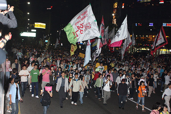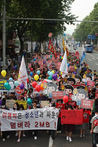대학로 마로니에 공원 주변이 범국민대회에 참가하기 위해 모여든 시민들로 인산인해를 이루자 주최측은 오후 4시 30분경부터 시민들을 차도로 안내하며 즉시 행진에 나설 것을 제안했다. 행진 참가자들은 "국민이 이깁니다"라고 적힌 현수막 등을 들고 "이명박은 물러가라", "민주시민 함께해요"등의 구호를 외치고 있다. 맨 앞에는 청소년들이 "이명박은 청소년과 싸운다, 덤벼라 2MB"라고 적힌 현수막을 들었다.
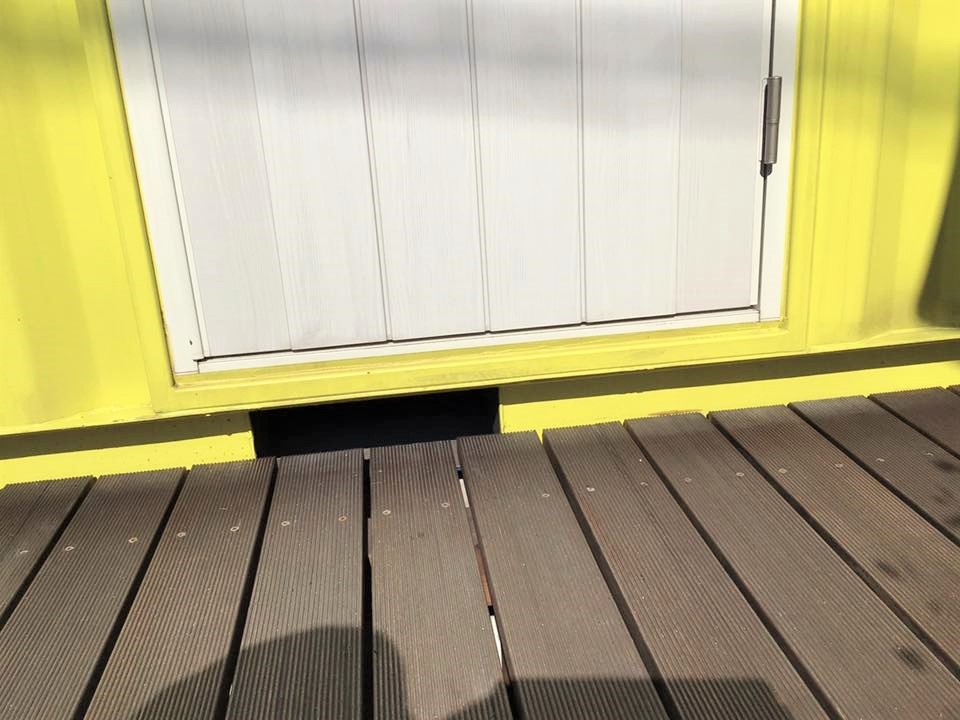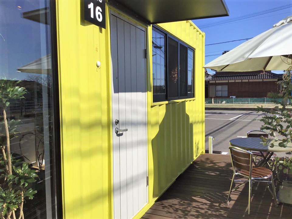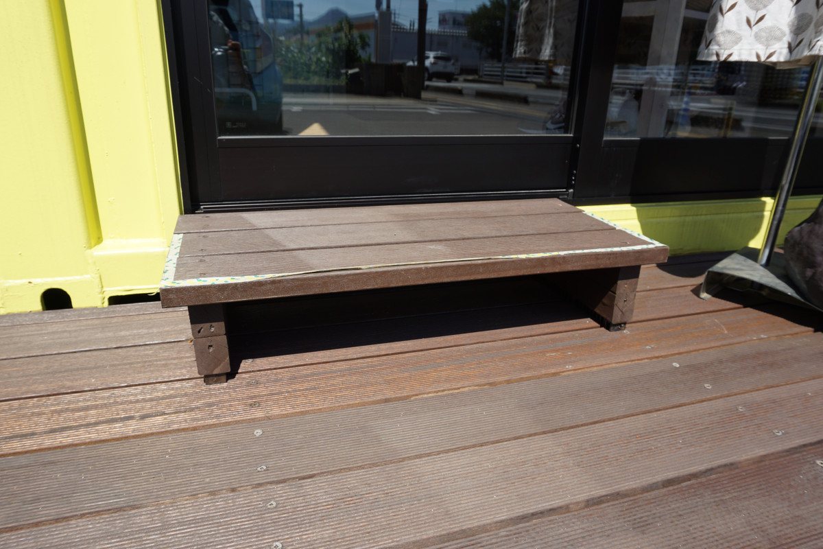建物はコンテナを利用したものです。駐車場からコンテナ入り口まで、2段の段差があり、入り口は2箇所ございます。カフェはソファ席とカウンター席のみです、一度お写真をご確認ください。
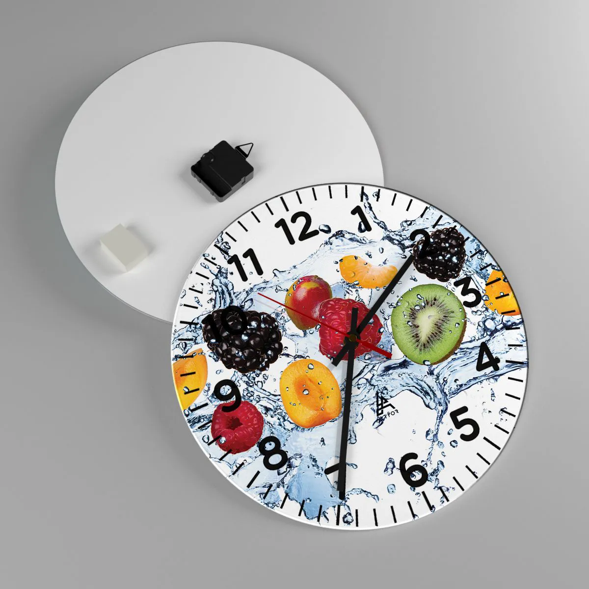 Die Uhr besteht aus 4 mm dickem Sicherheitsglas Glas. Die Herstellungstechnologie der Uhr entspricht der Sicherheitsklasse 2B2 gemäß der Norm PN-EN 12600: 2004, die Stoßfestigkeit garantiert. Die Uhr auf dem Glas ist bereit zu hängen - es hat einen Metallanhänger, einen Anhänger auf der Rückseite der Uhr und einen Schaumstoffabstand, der einen gleichmäßigen Abstand zwischen der Uhr und der Wand reguliert. Die Uhr hat einen geräuschlosen Schwimmmechanismus, der von einer 1,5-V-Batterie betrieben wird - AA-Batterie inbegriffen).
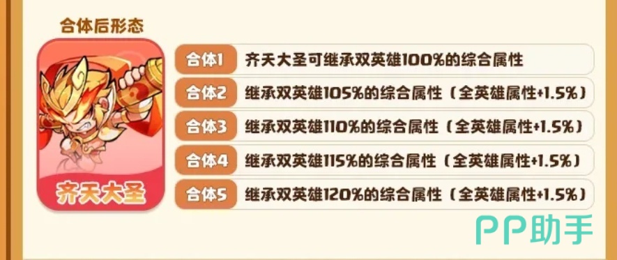 这个角色合体之后的形态是非常强大的,可以来继承双英雄的100%综合属性,如果合体乘以二就可以来继承双属性英雄的105%的综合属性,可以增加百分之1.5,不断的提升能力,就可以更好的继承英雄的综合属性,对于许多玩家们来说,是用这个魔宠成长的空间也是非常大的,可以来更好的搭配升级。
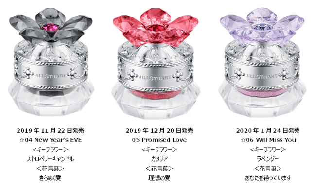 まるで一輪のブーケのような愛らしいデザインと、ひと月毎に変わるカラーと香り、花言葉まで添えられたストーリーも楽しめ、自分自身や大切な人へのプレゼントにも最適。12個のアイカラーの中には、「ジェリービジュー」オリジナルの香りも登場する。
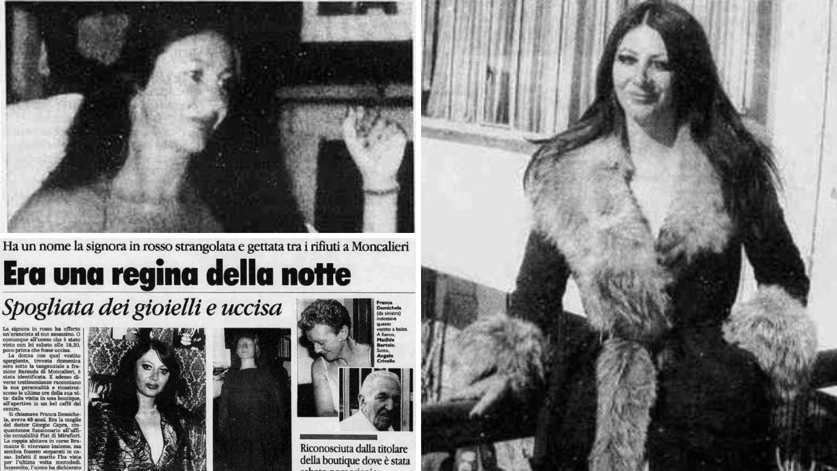 Soprannominata immediatamente “La signora in rosso” sembra quasi che la sua morte abbia finalmente autorizzato chiunque a parlare della sua vita. 48 anni, bella, sempre elegante e con i tacchi a spillo, Franca è la figlia di un dirigente della FIAT morto da poco che gli ha lasciato 2 miliardi di lire tra bot e alloggi.

**Exercise details**
Write out every entry exactly. Pictures do not belong in the copy.

**Task output**
대학로 마로니에 공원 주변이 범국민대회에 참가하기 위해 모여든 시민들로 인산인해를 이루자 주최측은 오후 4시 30분경부터 시민들을 차도로 안내하며 즉시 행진에 나설 것을 제안했다. 행진 참가자들은 "국민이 이깁니다"라고 적힌 현수막 등을 들고 "이명박은 물러가라", "민주시민 함께해요"등의 구호를 외치고 있다. 맨 앞에는 청소년들이 "이명박은 청소년과 싸운다, 덤벼라 2MB"라고 적힌 현수막을 들었다.
建物はコンテナを利用したものです。駐車場からコンテナ入り口まで、2段の段差があり、入り口は2箇所ございます。カフェはソファ席とカウンター席のみです、一度お写真をご確認ください。
 Die Uhr besteht aus 4 mm dickem Sicherheitsglas Glas. Die Herstellungstechnologie der Uhr entspricht der Sicherheitsklasse 2B2 gemäß der Norm PN-EN 12600: 2004, die Stoßfestigkeit garantiert. Die Uhr auf dem Glas ist bereit zu hängen - es hat einen Metallanhänger, einen Anhänger auf der Rückseite der Uhr und einen Schaumstoffabstand, der einen gleichmäßigen Abstand zwischen der Uhr und der Wand reguliert. Die Uhr hat einen geräuschlosen Schwimmmechanismus, der von einer 1,5-V-Batterie betrieben wird - AA-Batterie inbegriffen).
 这个角色合体之后的形态是非常强大的,可以来继承双英雄的100%综合属性,如果合体乘以二就可以来继承双属性英雄的105%的综合属性,可以增加百分之1.5,不断的提升能力,就可以更好的继承英雄的综合属性,对于许多玩家们来说,是用这个魔宠成长的空间也是非常大的,可以来更好的搭配升级。
 まるで一輪のブーケのような愛らしいデザインと、ひと月毎に変わるカラーと香り、花言葉まで添えられたストーリーも楽しめ、自分自身や大切な人へのプレゼントにも最適。12個のアイカラーの中には、「ジェリービジュー」オリジナルの香りも登場する。
 Soprannominata immediatamente “La signora in rosso” sembra quasi che la sua morte abbia finalmente autorizzato chiunque a parlare della sua vita. 48 anni, bella, sempre elegante e con i tacchi a spillo, Franca è la figlia di un dirigente della FIAT morto da poco che gli ha lasciato 2 miliardi di lire tra bot e alloggi.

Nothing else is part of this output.